# [Task statement]
Transcribe the listing that follows in full, exactly, and drop its images.

# [Data extract]
---+---

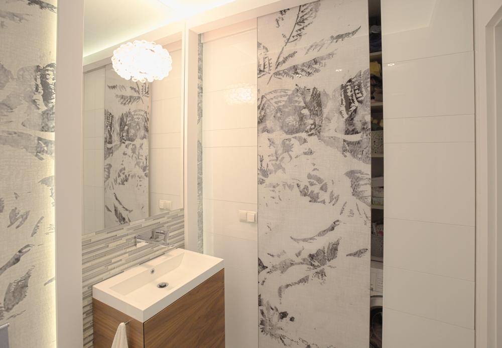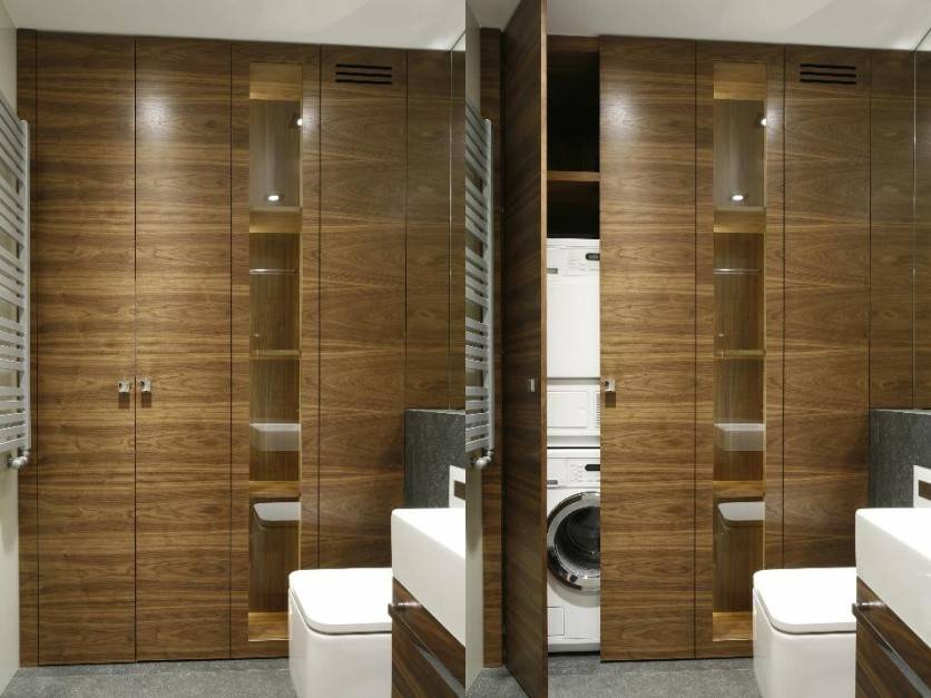 Идеальное решение состоит в том, чтобы отделить часть ванной комнаты для мини-прачечной, в которую вы сможем складировать все аксессуары. Это решение требует много места, но оно достаточно практично. Особенно интересными могут быть раздвижные двери, которые отделяют технику для стирки от остальной части ванной комнаты.
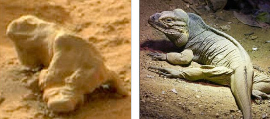 在火星上发现的一块形状奇特的岩石,一些UFO猎人认为是鬣蜥化石。科学家认为类似这样的发现不过由一种心理现象所致,被称之为“空想性错视”,即人类的大脑将模糊、随机的图像赋予实际意义。
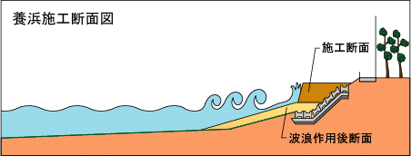 この対策として、相模貯水池や茅ヶ崎漁港西側の堆積土砂等を運搬し、海辺で敷き均す「養浜事業」によって、砂浜を広げ、防護、環境、利用の調和の取れた侵食対策を実施しています。

---+---

# [Response]
 Идеальное решение состоит в том, чтобы отделить часть ванной комнаты для мини-прачечной, в которую вы сможем складировать все аксессуары. Это решение требует много места, но оно достаточно практично. Особенно интересными могут быть раздвижные двери, которые отделяют технику для стирки от остальной части ванной комнаты.
 在火星上发现的一块形状奇特的岩石,一些UFO猎人认为是鬣蜥化石。科学家认为类似这样的发现不过由一种心理现象所致,被称之为“空想性错视”,即人类的大脑将模糊、随机的图像赋予实际意义。
 この対策として、相模貯水池や茅ヶ崎漁港西側の堆積土砂等を運搬し、海辺で敷き均す「養浜事業」によって、砂浜を広げ、防護、環境、利用の調和の取れた侵食対策を実施しています。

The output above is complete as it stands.